Os resultados mostram que os dois índices tendem a subir ou descer juntos. Ou, mais precisamente, o índice de produção industrial dita o ritmo e o índice de taxa de juros o acompanha lentamente. É o que podemos esperar. Quando a produção é baixa, a demanda por empréstimos é baixa e as taxas de juros são baixas. À medida que a produção aumenta, a demanda por empréstimos para expandir a produção aumenta e, se a oferta de dinheiro e crédito não for muito “elástica”, as taxas de juros tendem a aumentar, porém, com um certo atraso.

Também há, sem dúvida, uma influência recíproca e inversa das taxas de juros na produção. Taxas de juros baixas (com os outros fatores em igualdade) tendem a incentivar empréstimos para produção subsequente e altas taxas de juros para desencorajar empréstimos para produção subsequente.

O gráfico fornece apenas taxas de juros de curto prazo. Para completar, as taxas de juros de longo prazo também devem ser consideradas. Mas o registro histórico não leva a nenhuma modificação substancial das conclusões que acabamos de chegar. Os interessados encontrarão os gráficos relevantes tanto no livro de gráficos mensal da Federal Reserve quanto no suplemento histórico anexado a ele (Ambos publicados pela Board of Governors of the Federal Reserve System, Comissão de Governadores do Sistema da Reserva Federal). Lá eles encontrarão (por exemplo, na p. 21 da edição mensal de outubro de 1958 e na p. 37 do suplemento histórico de setembro de 1958) que as taxas de curto e longo prazo tendem a subir e descer juntas. Do gráfico mensal que cobre apenas o período entre o início de 1950 e o fim de 1958, pode-se ter a impressão de que as taxas de curto prazo são quase sempre inferiores às taxas de longo prazo. Das comparações históricas realizadas entre 1865 e 1958, no entanto, pode-se observar que, até meados de 1929, as taxas de curto prazo oscilaram acima e abaixo das taxas de longo prazo e eram frequentemente mais altas como também mais baixas.
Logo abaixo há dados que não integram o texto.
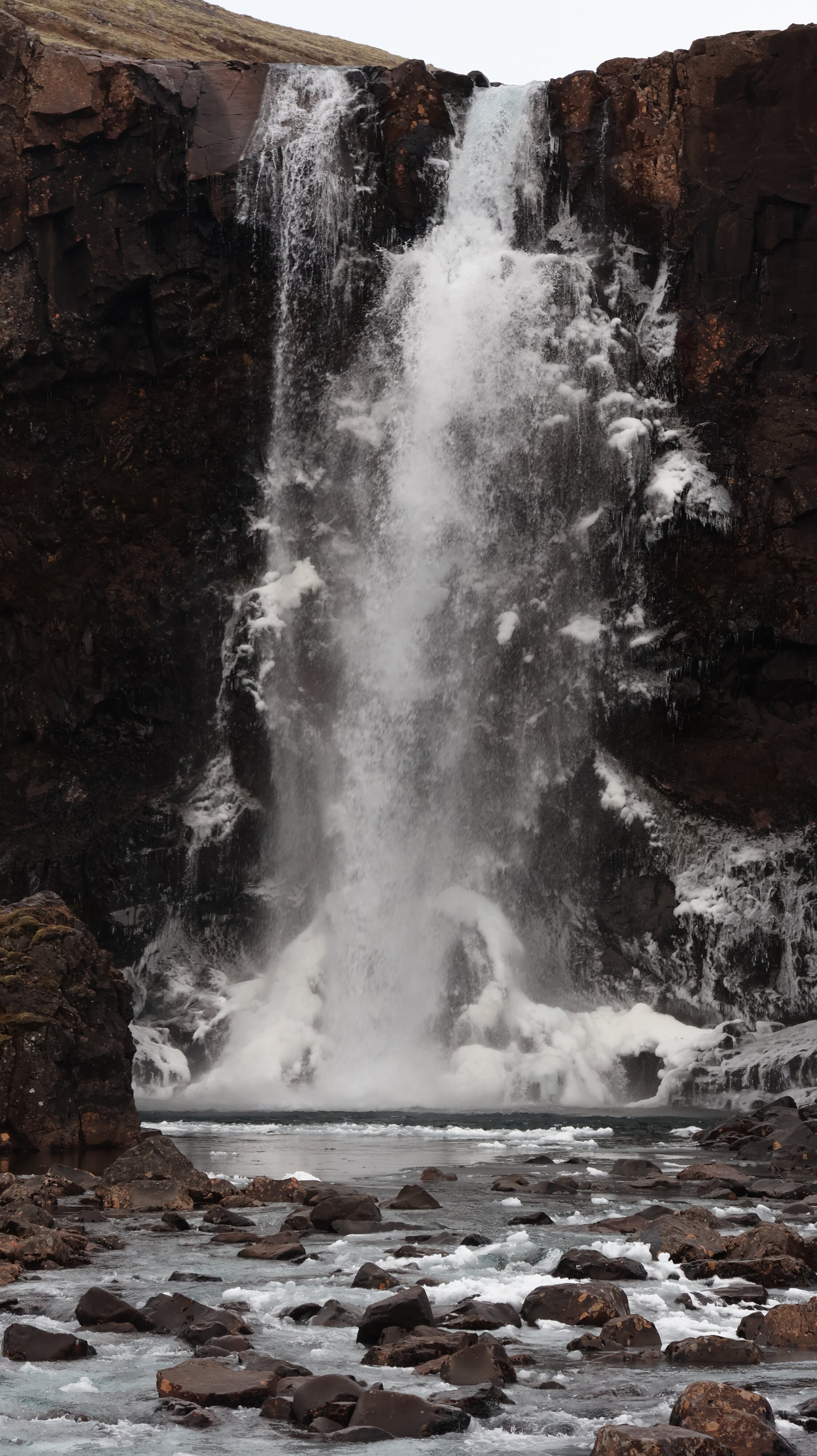 Temperaturmäßig war es schon noch mal eine Nummer frischer geworden, aber es wehte kein Lüftchen und ich hatte mir nach dem Frühstück gleich meine wattierte Hose angezogen. Wie sich dann im Laufe des Tages herausstellte eine sehr gute Entscheidung. Dann ging es aus Seyðisfjörður und schon wenige Kilometer hinter dem Dörfchen kam der erste Wasserfall in Sichtweite, der „Gufufoss“. Jetzt nichts super spektakuläres aber immerhin ein prächtig sprudelnder Wasserfall. Da der Boden schön gefroren war konnte man auch ohne im Matsch zu versinken recht nah heran. Ab einem Punkt war für mich dann aber Schluss, ab da ging es dann nur noch über ziemlich große Steine weiter, die mit abnehmendem Abstand zum Wasserfall natürlich nass und glitschig waren. Nee, also das muss nicht sein, sich gleich schon in den ersten Minuten auf Ísland auf die Waffel zu legen wäre ziemlich ömmelig.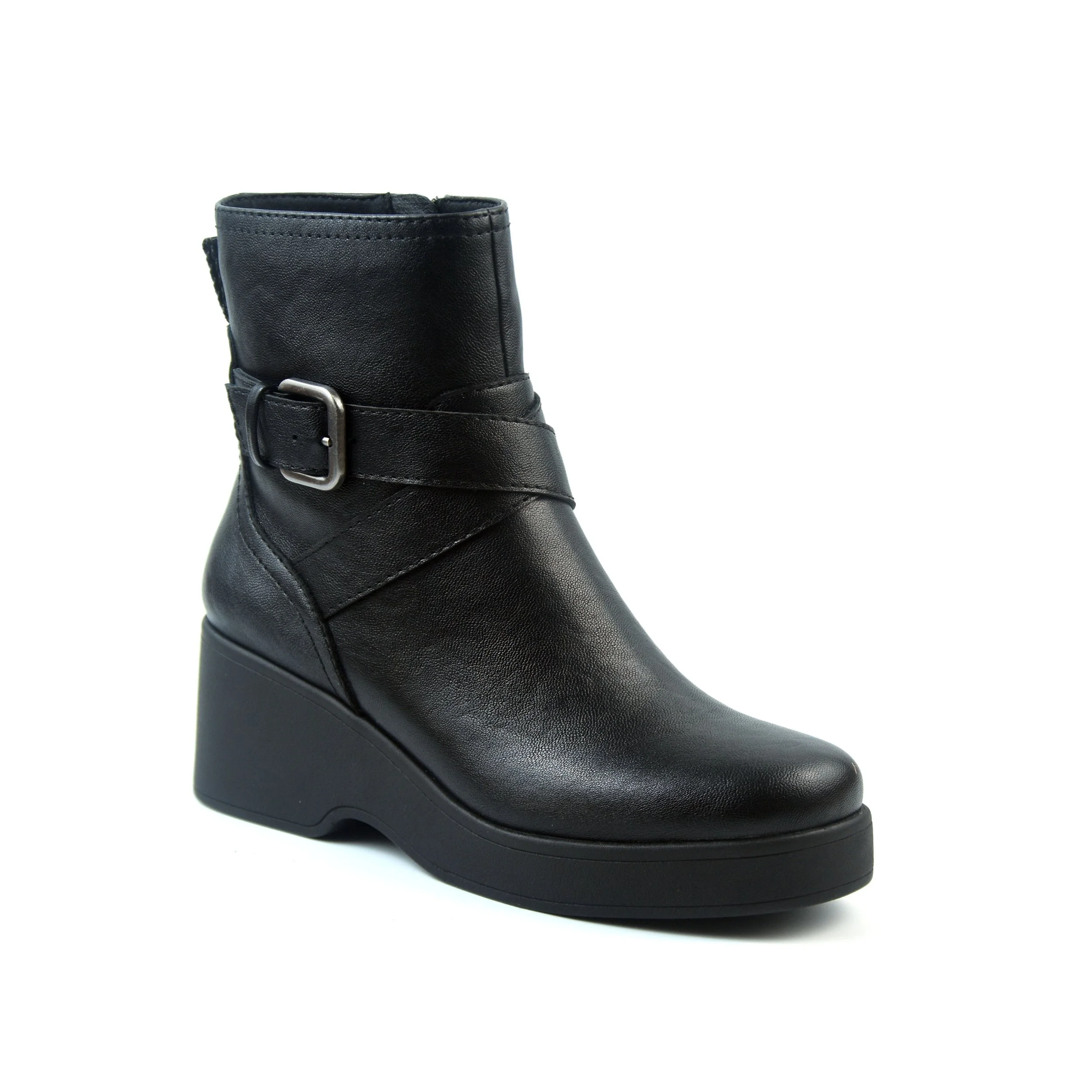 CLASSIC ANKLE BOOTIE STYLE WITH BUCKLE STRAPPING AND COMFORT INSOLE ON A FEMININE YET CASUAL FLEX-CUSHIONED WEDGE UNIT

Isso é o que a teoria nos levaria a esperar. A taxa de juros de longo prazo em um determinado período é, a qualquer instante, uma antecipação especulativa composta da qual a média das futuras taxas de curto prazo podem ser obtidas (corrigidas, em períodos de deflação ou inflação, para antecipações relativas ao poder de compra real futuro da unidade monetária). Naturalmente, essas antecipações especulativas se provarão erradas. Porém, as taxas de longo prazo tendem a variar menos, dentro de uma faixa muito mais estreita, do que as taxas de curto prazo.

* Adianto que nenhum dos dois foi responsável pelas conclusões que tirei. O gráfico acompanhava um dos meus artigos na Newsweek de 13 de outubro de 1958.